**** Records for this task ****
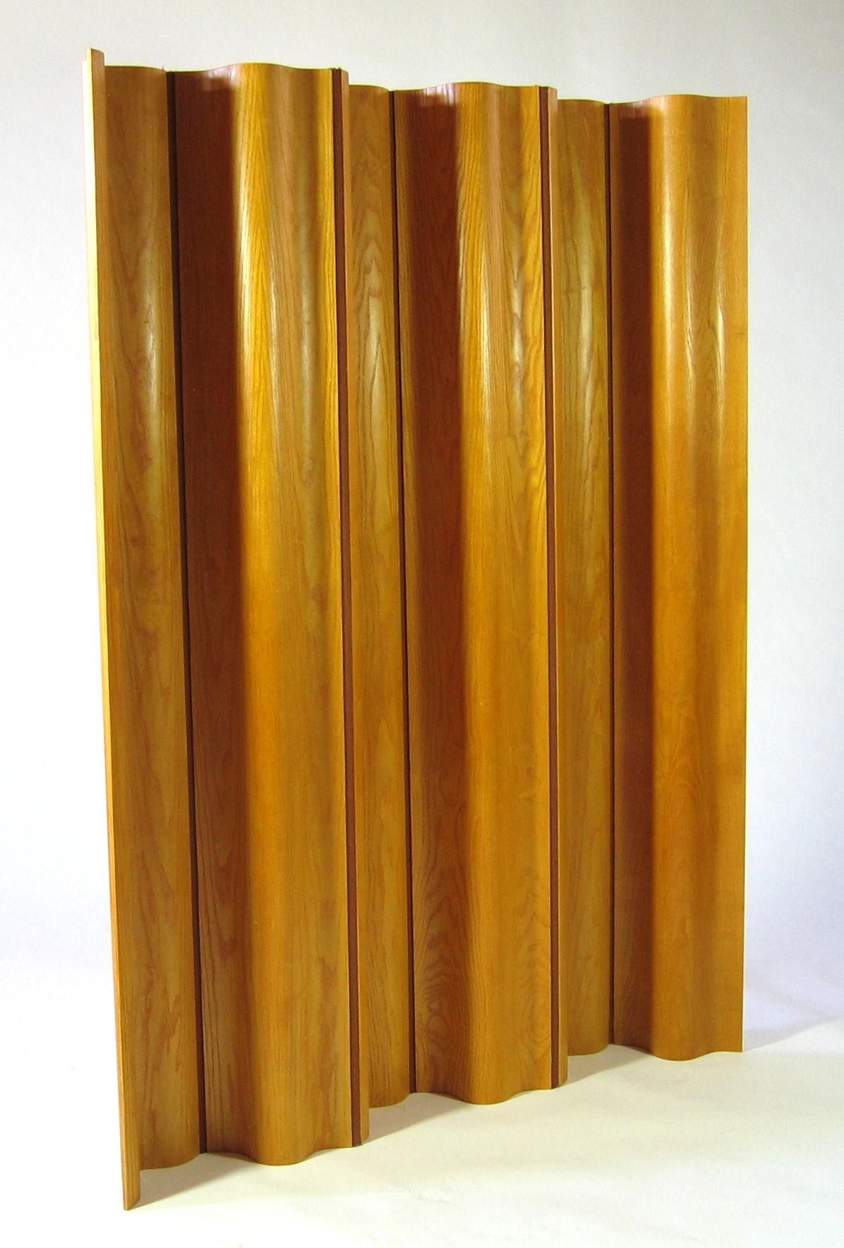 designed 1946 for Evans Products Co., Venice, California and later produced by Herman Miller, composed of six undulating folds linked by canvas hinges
****
**** Records for this task ****
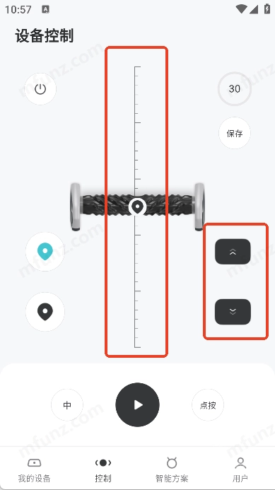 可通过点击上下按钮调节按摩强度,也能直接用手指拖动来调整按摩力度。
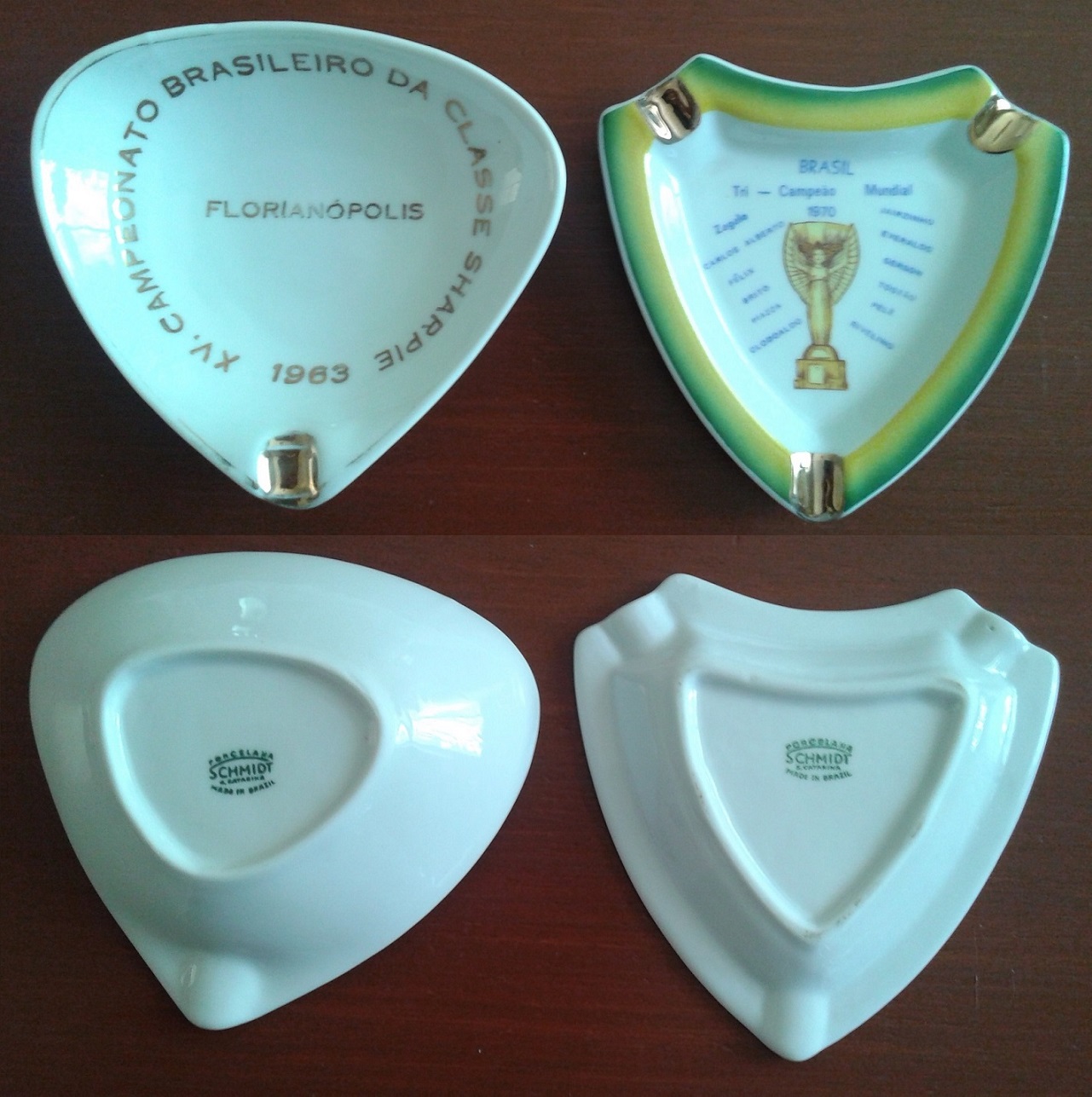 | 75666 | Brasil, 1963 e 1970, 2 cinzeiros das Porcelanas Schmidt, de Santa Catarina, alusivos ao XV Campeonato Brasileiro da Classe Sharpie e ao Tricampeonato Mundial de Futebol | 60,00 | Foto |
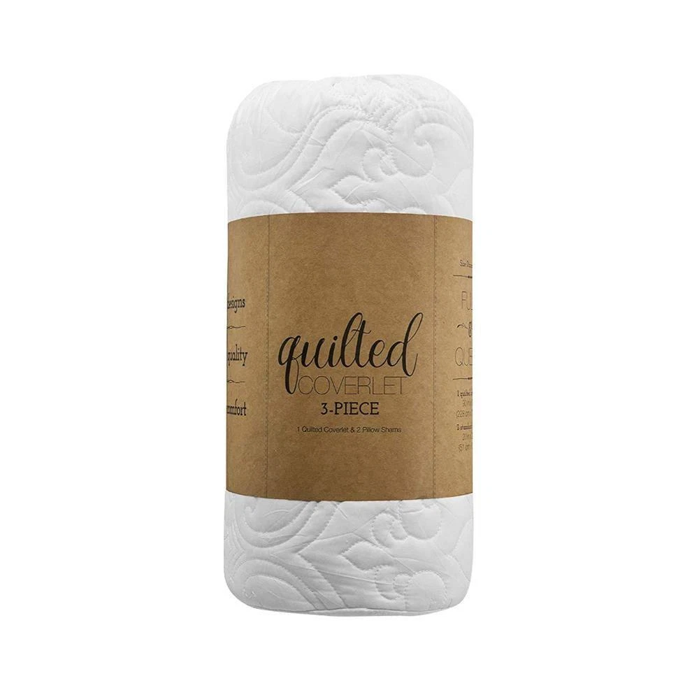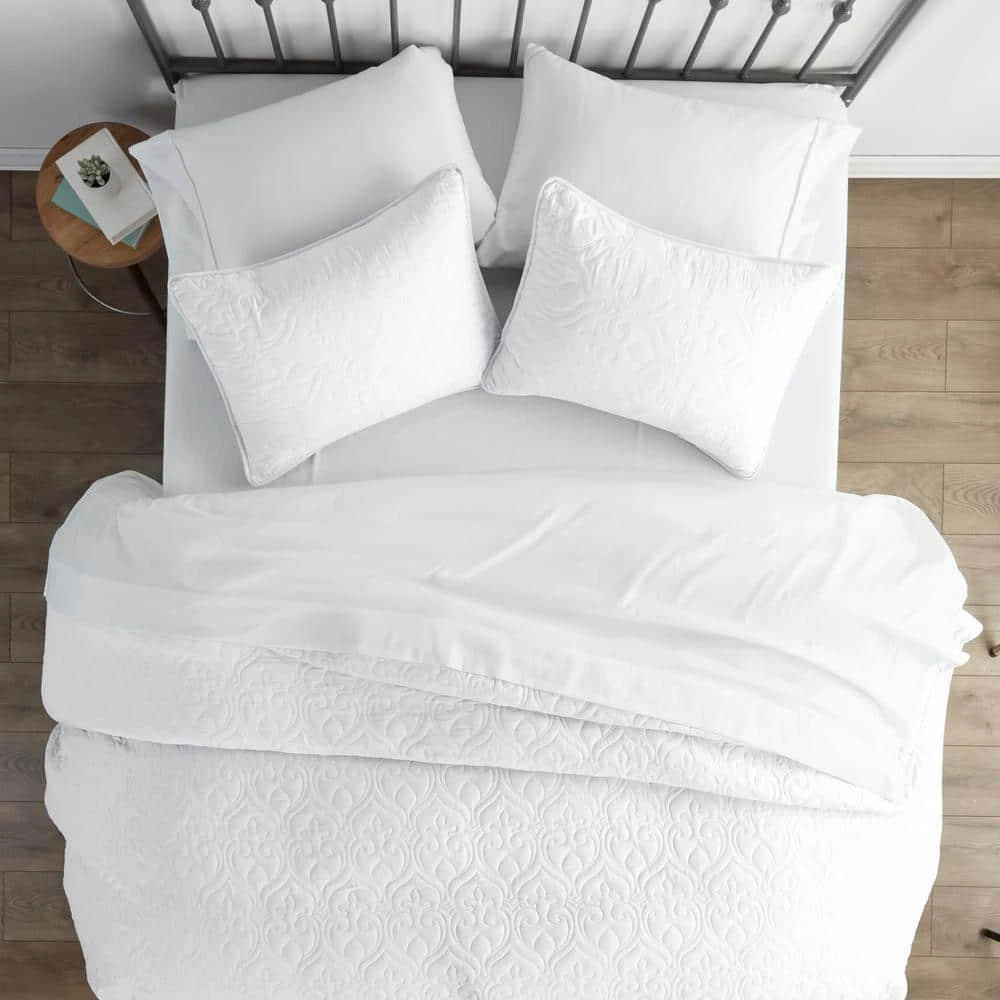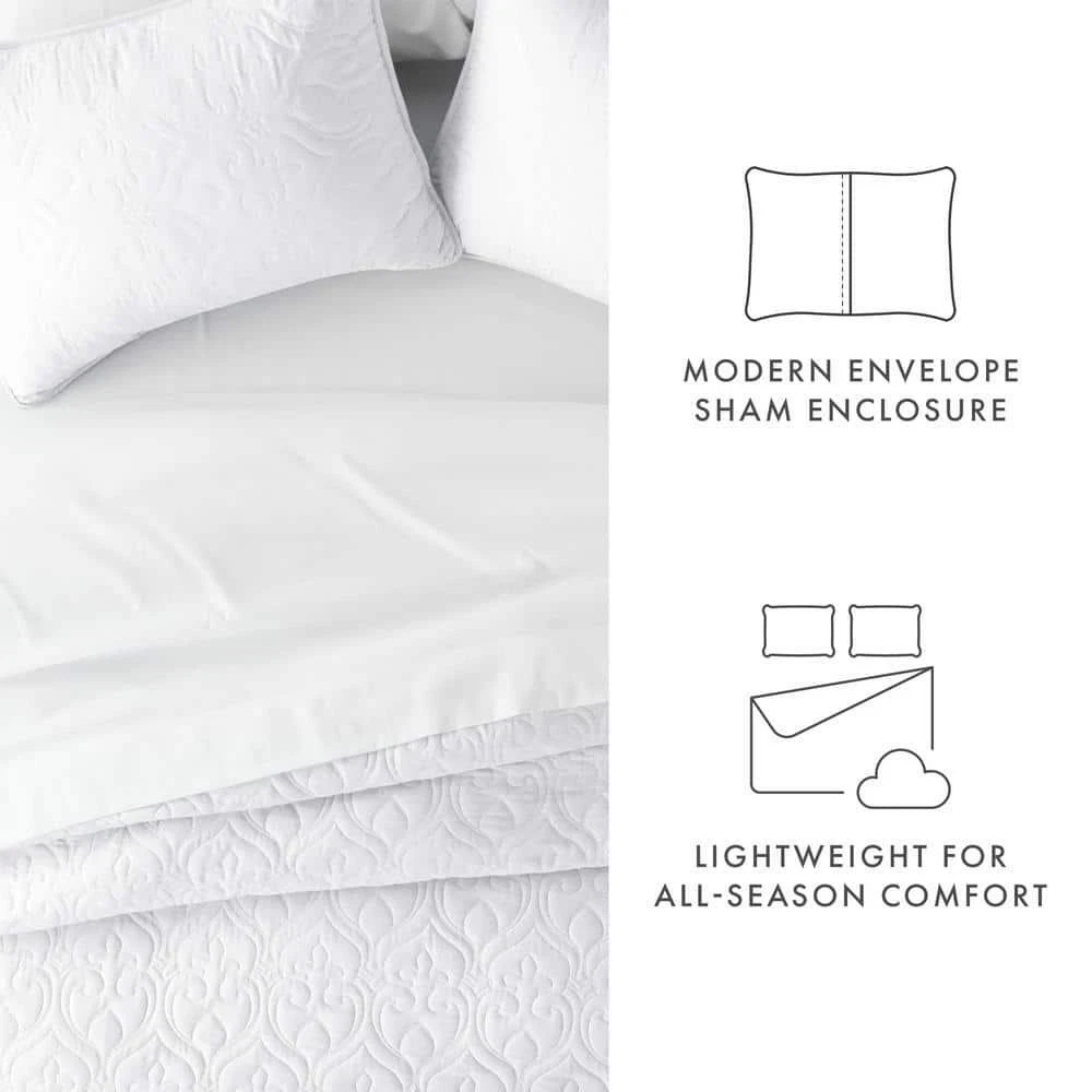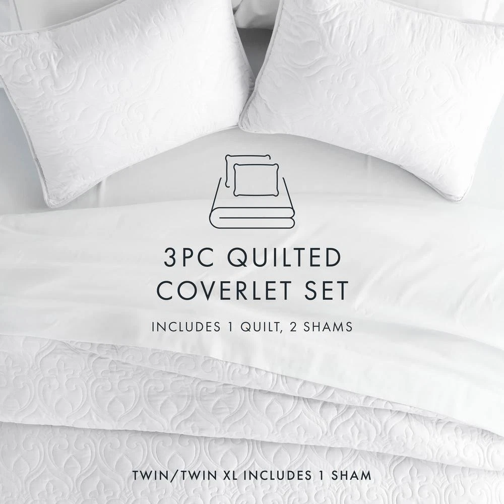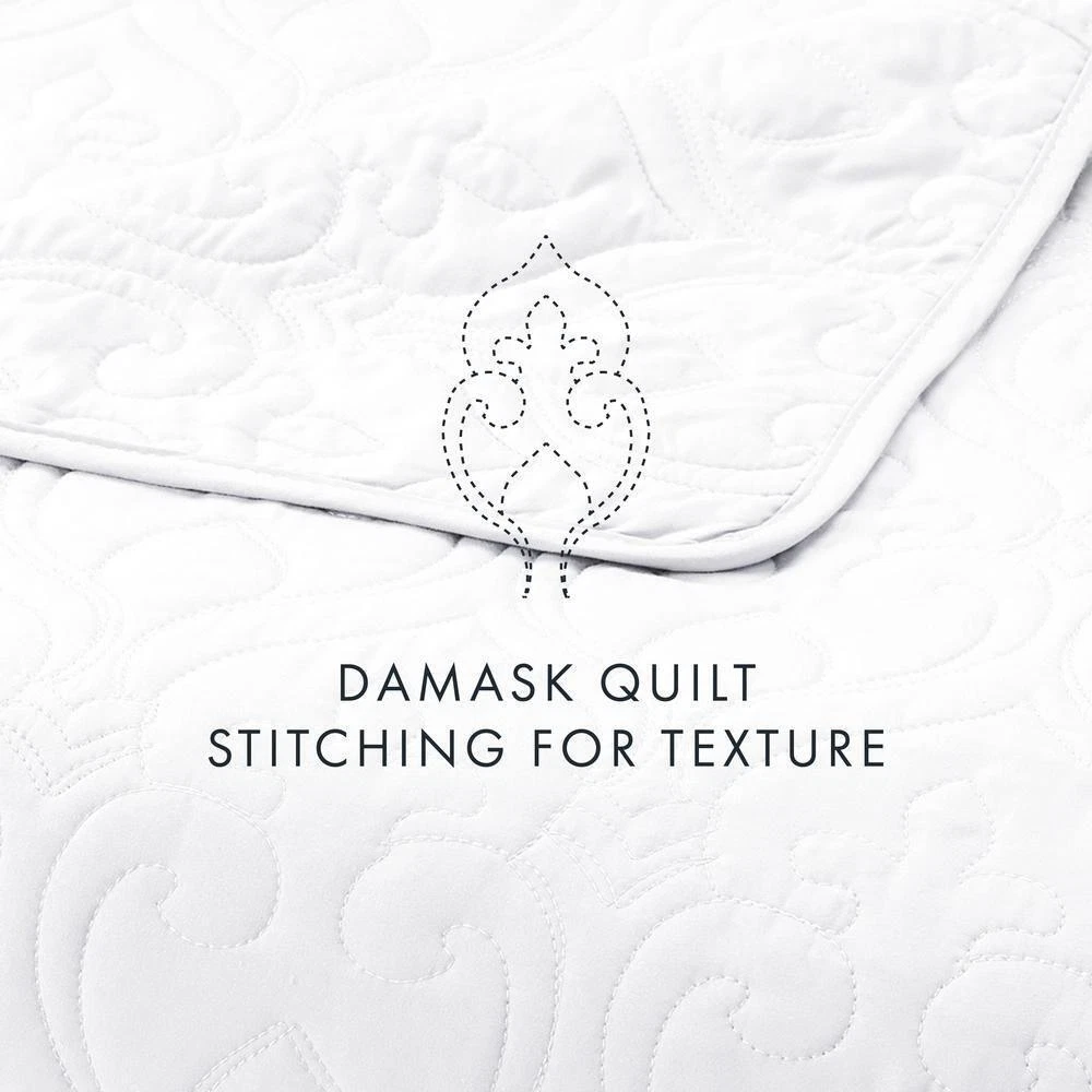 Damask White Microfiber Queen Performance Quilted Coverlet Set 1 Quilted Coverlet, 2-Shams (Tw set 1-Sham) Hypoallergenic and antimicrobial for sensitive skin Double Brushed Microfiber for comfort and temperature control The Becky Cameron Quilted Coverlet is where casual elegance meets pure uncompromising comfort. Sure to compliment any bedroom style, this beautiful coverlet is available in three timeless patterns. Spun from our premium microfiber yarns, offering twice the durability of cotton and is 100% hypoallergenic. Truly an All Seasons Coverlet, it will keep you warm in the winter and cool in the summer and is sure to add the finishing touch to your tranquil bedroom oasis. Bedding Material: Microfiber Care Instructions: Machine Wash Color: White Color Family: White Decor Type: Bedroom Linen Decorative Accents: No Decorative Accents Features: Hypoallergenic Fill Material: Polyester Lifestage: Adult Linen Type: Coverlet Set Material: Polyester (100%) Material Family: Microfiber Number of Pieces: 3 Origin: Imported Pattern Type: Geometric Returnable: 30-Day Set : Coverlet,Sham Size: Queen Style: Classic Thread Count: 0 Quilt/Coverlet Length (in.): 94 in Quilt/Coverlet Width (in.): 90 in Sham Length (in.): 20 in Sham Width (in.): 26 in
****
== What to work on ==
Return exactly the lines of the material above, starting at the line containing "可通过点击上下按钮调节按摩强度,也能直接用手指拖动来调整按摩力度。" and finishing at the line containing "60,00 | Foto |", without any pictures.

== Finished exercise ==
 可通过点击上下按钮调节按摩强度,也能直接用手指拖动来调整按摩力度。
 | 75666 | Brasil, 1963 e 1970, 2 cinzeiros das Porcelanas Schmidt, de Santa Catarina, alusivos ao XV Campeonato Brasileiro da Classe Sharpie e ao Tricampeonato Mundial de Futebol | 60,00 | Foto |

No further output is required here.